Alix Axel picture Alix Axel · Jan 15, 2010 · Viewed 9.2k times · Source

I want to build something similar to Tunatic or Midomi (try them out if you're not sure what they do) and I'm wondering what algorithms I'd have to use; The idea I have about the workings of such applications is something like this:

  1. have a big database with several songs
  2. for each song in 1. reduce quality / bit-rate (to 64kbps for instance) and calculate the sound "hash"
  3. have the sound / excerpt of the music you want to identify
  4. for the song in 3. reduce quality / bit-rate (again to 64kbps) and calculate sound "hash"
  5. if 4. sound hash is in any of the 2. sound hashes return the matched music

I though of reducing the quality / bit-rate due to the environment noises and encoding differences.
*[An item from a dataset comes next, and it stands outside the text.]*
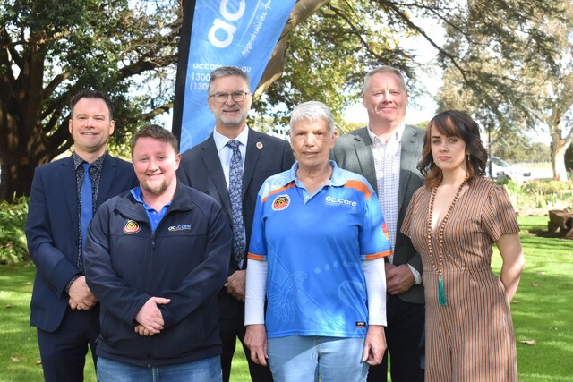 ac.care community engagement manager Jason Wallace, chief executive Shane Maddocks and emcee Barry Stafford (back) with ac.care client support officer Mark Collins, homelessness and community services manager Trish Sparks and advocate Danielle Malseed prior to the event. (Melanie Riley: 495944)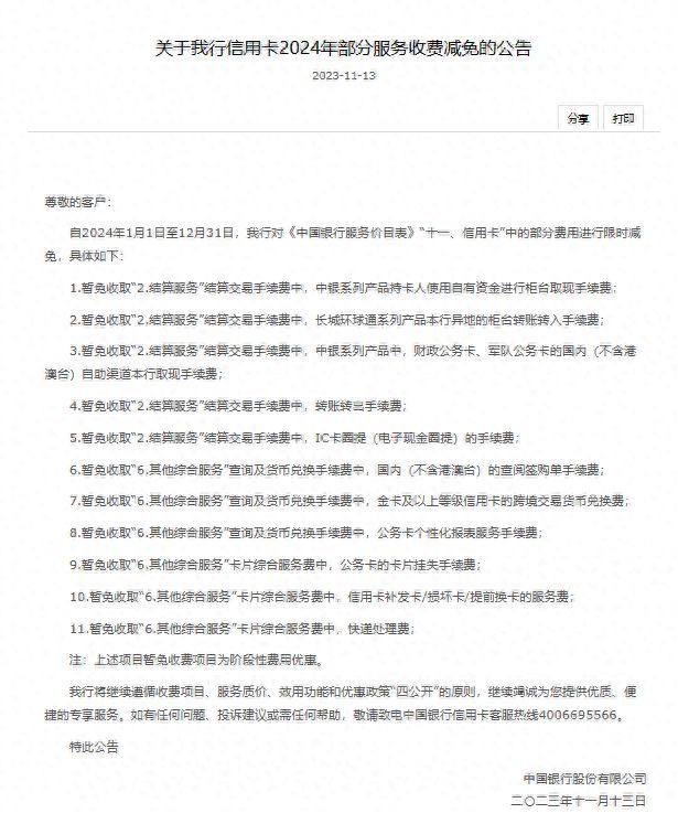 今日,中国银行发布《关于我行信用卡2024年部分服务收费减免的公告》,对部分信用卡服务费进行减免。减免项目包括中银系列产品持卡人使用自有资金进行柜台取现手续费、转账转出手续费、信用卡补发卡/损坏卡/提前换卡的服务费等,共计11项。中国银行表示,本次部分费用减免为阶段性费用优惠,时间为2024年1月1日至12月31日。

Am I in the right track here? Can anyone provide me any specific documentation or examples? Midori seems to even recognize hum's, that's pretty awesomely impressive! How do they do that?

Do sound hashes exist or is it something I just made up? If they do, how can I calculate them? And more importantly, how can I check if child-hash is in father-hash?

How would I go about building a similar system with Python (maybe a built-in module) or PHP?

Some examples (preferably in Python or PHP) will be greatly appreciated. Thanks in advance!

Answer

Steve Tjoa picture Steve Tjoa · Jan 15, 2010

I do research in music information retrieval (MIR). The seminal paper on music fingerprinting is the one by Haitsma and Kalker around 2002-03. Google should get you it.

I read an early (really early; before 2000) white paper about Shazam's method. At that point, they just basically detected spectrotemporal peaks, and then hashed the peaks. I'm sure that procedure has evolved.

Both of these methods address music similarity at the signal level, i.e., it is robust to environment distortions. I don't think it works well for query-by-humming (QBH). However, that is a different (yet related) problem with different (yet related) solutions, so you can find solutions in the literature. (Too many to name here.)

The ISMIR proceedings are freely available online. You can find valuable stuff there: http://www.ismir.net/

I agree with using an existing library like Marsyas. Depends on what you want. Numpy/Scipy is indispensible here, I think. Simple stuff can be written in Python on your own. Heck, if you need stuff like STFT, MFCC, I can email you code.